Un Paese che voglia stimolare la propria economia con una politica monetaria più espansiva e un cambio più debole deve confrontarsi con i mercati finanziari internazionali: se non hanno fiducia nei suoi programmi possono esasperare la svalutazione della sua moneta. Mentre una politica monetaria che si fa restrittiva per combattere l’inflazione può portare a eccessi di rivalutazione del cambio.

La mobilità dei capitali crea un ambiente di vasi rapidamente comunicanti: se a livello mondiale prevale l’abbondanza di liquidità, i singoli Paesi che cerchino di prosciugarne gli eccessi avranno difficoltà perché ogni aumento dei loro tassi di interesse attirerà fondi dall’estero. Viceversa, in un periodo di austerità monetaria, chi espande vede fuggire la moneta che crea.

Una nuova Bretton Woods?

All Tokyo evening newspapers give front page banners on President Nixon's latest step to defend the U.S. economy announced in a tv-radio speech. (AP Photo/Naokazu Oinuma)

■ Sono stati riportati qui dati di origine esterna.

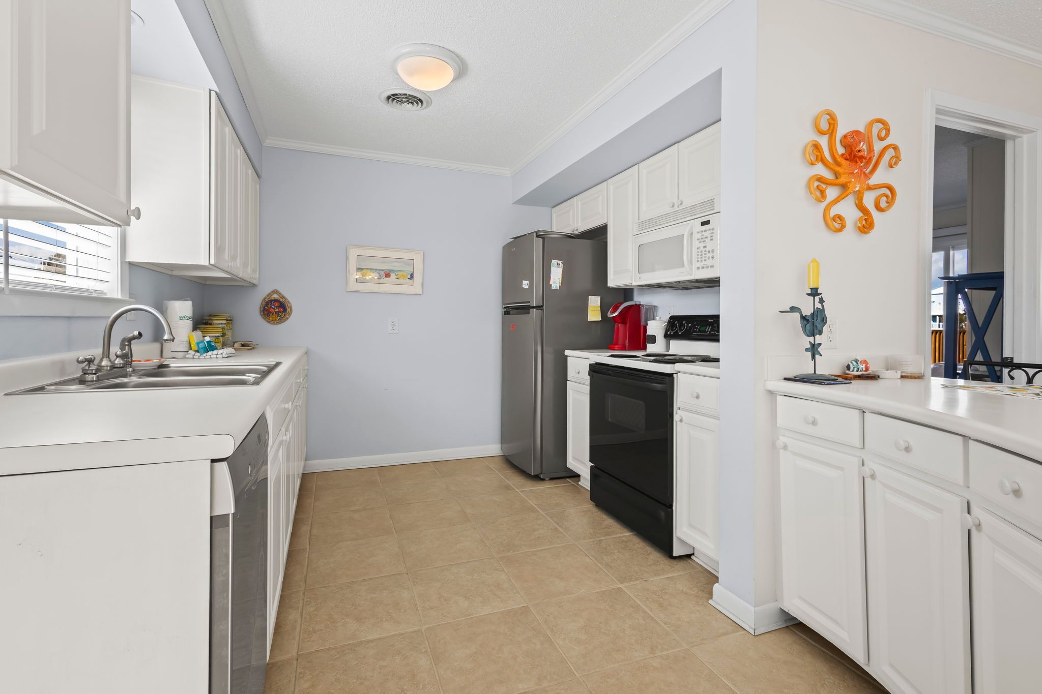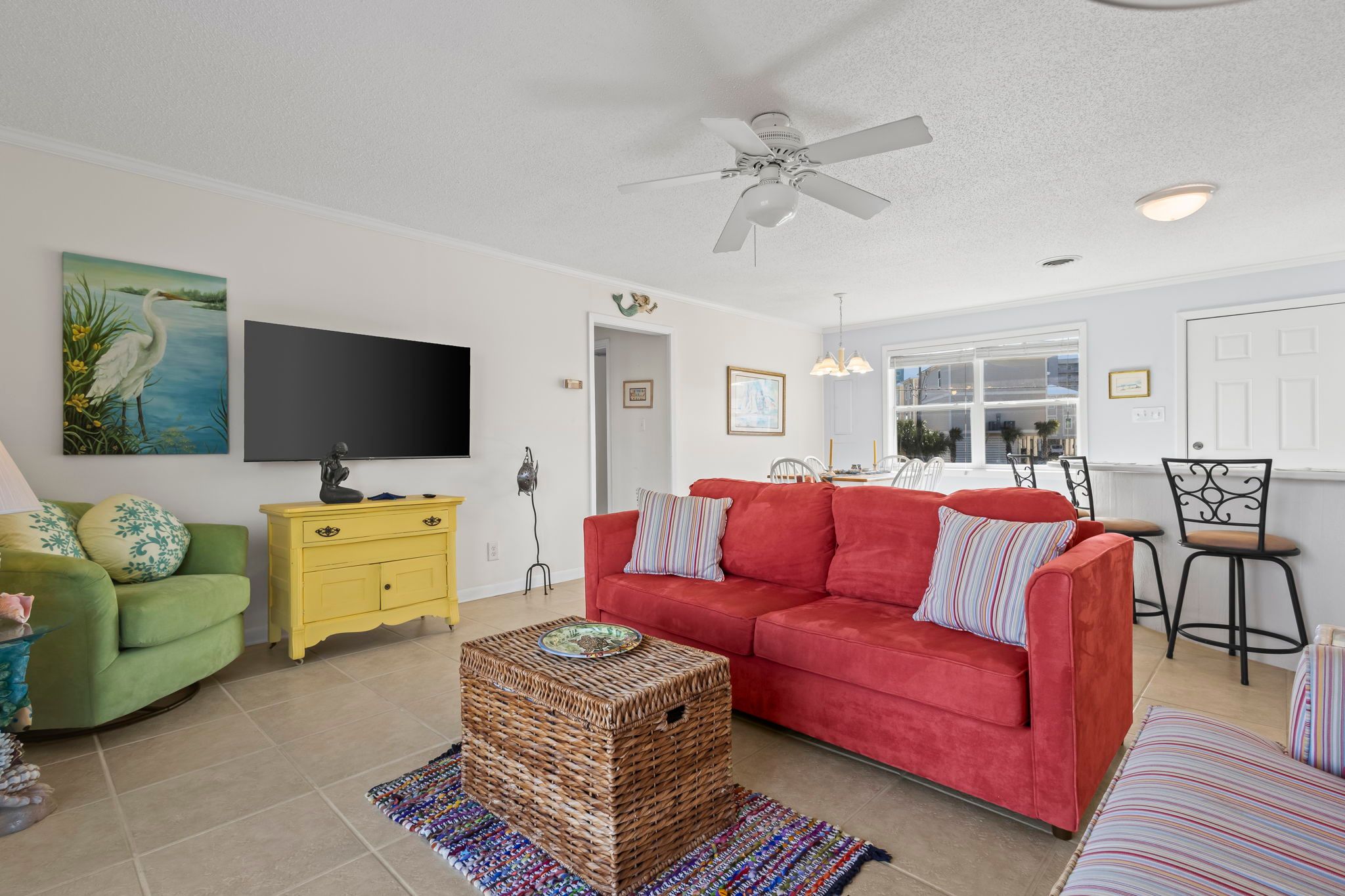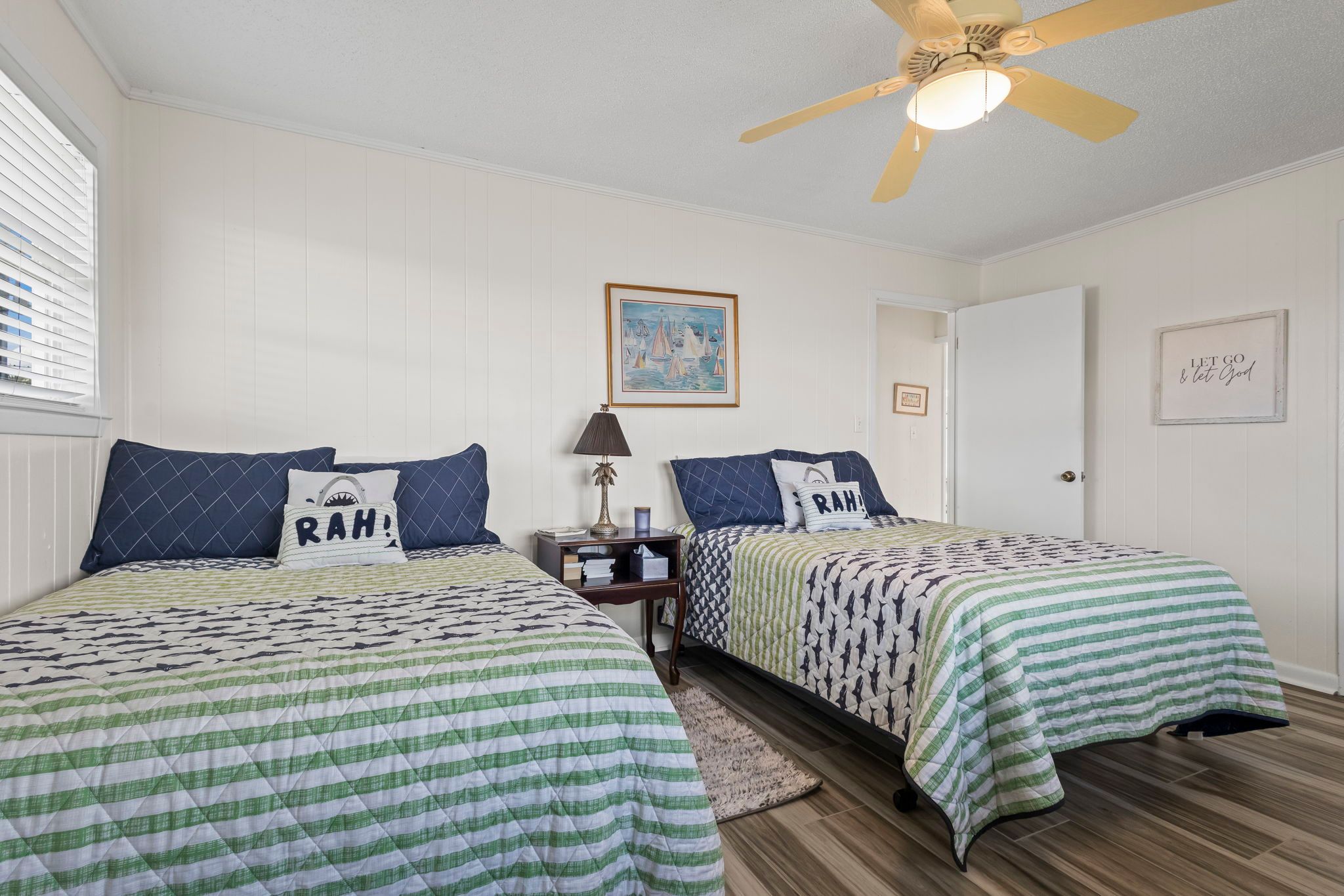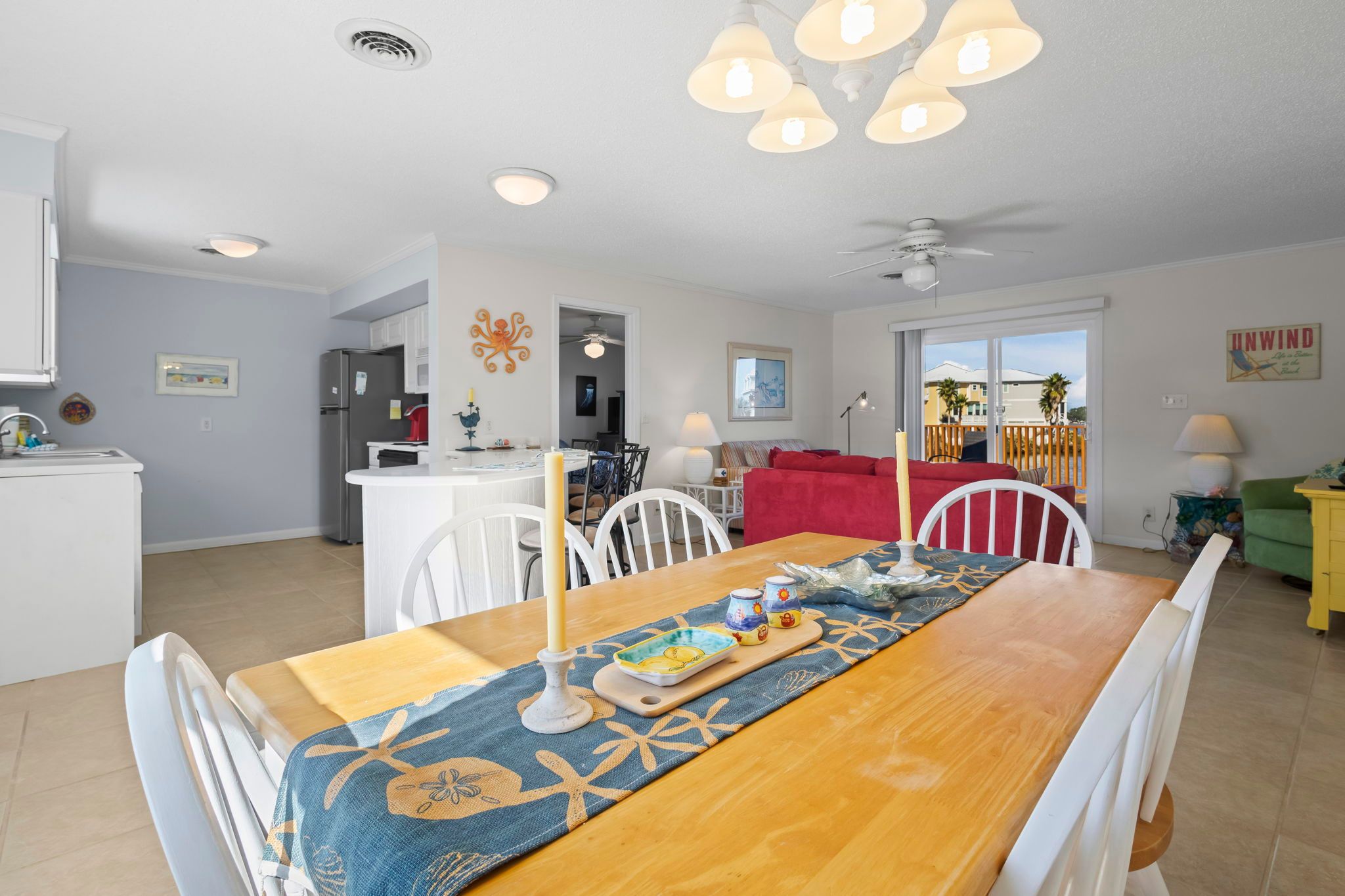 Inside, the open living area makes you feel right at home, with cozy sofas and easy access to the deck for continued lagoon views. The dining area seats six, with additional seating in the eat-in kitchen, making mealtime a breeze. The kitchen is fully equipped with everything you need, including a microwave, toaster, Keurig, and refrigerator with ice maker. A washer and dryer add convenience during your stay. The primary bedroom features a queen-sized bed, private deck access, a TV, and an en-suite bathroom. The second bedroom has two full-sized beds, while the third bedroom has one full-sized bed, with both sharing a beautifully appointed bathroom.

Coi vasi comunicanti dei movimenti di capitali, i paesi monetariamente più potenti dominano le politiche monetarie degli altri. Gli Stati Uniti non hanno perso l’influenza che avevano sulle condizioni monetarie mondiali quando il dollaro era ufficialmente al centro del sistema di Bretton Woods. Sono loro anche oggi che guidano le sorti monetarie del mondo. Se si rafforzasse l’eurozona e crescesse l’importanza monetaria della Cina, la situazione sarebbe più controversa ma potrebbe diventare più instabile.

A meno che non si torni a una versione aggiornata dei “cambi fissi”: cioè un forte, esplicito, trasparente coordinamento delle politiche delle banche centrali, sia nel fissare i tassi di interesse e nel decidere la creazione di liquidità, mantenendo inflazione moderata e finanza stabile, sia nel regolare le attività globali degli intermediari bancari e finanziari, i loro rischi, la trasparenza e la correttezza delle loro operazioni, i loro sistemi di pagamento e i loro sviluppi digitali. Nulla osterebbe a chiamare “nuova Bretton Woods” questo maggior sforzo di coordinamento, che riconoscerebbe l’avvenuta globalizzazione finanziaria, andrebbe guidato dal G20, dovrebbe superare i mandati nazionali delle banche centrali obbligandole a tener conto delle ripercussioni mondiali delle loro decisioni nonché anche alle condizioni e alle esigenze delle economie emergenti e dei paesi sottosviluppati. Ma occorre vista lunga: Bretton Woods fu pensata fin dal 1942, quando infuriava la guerra mondiale e i banchieri centrali, per parlarsi, traversavano l’Atlantico rischiando non solo per le sue onde.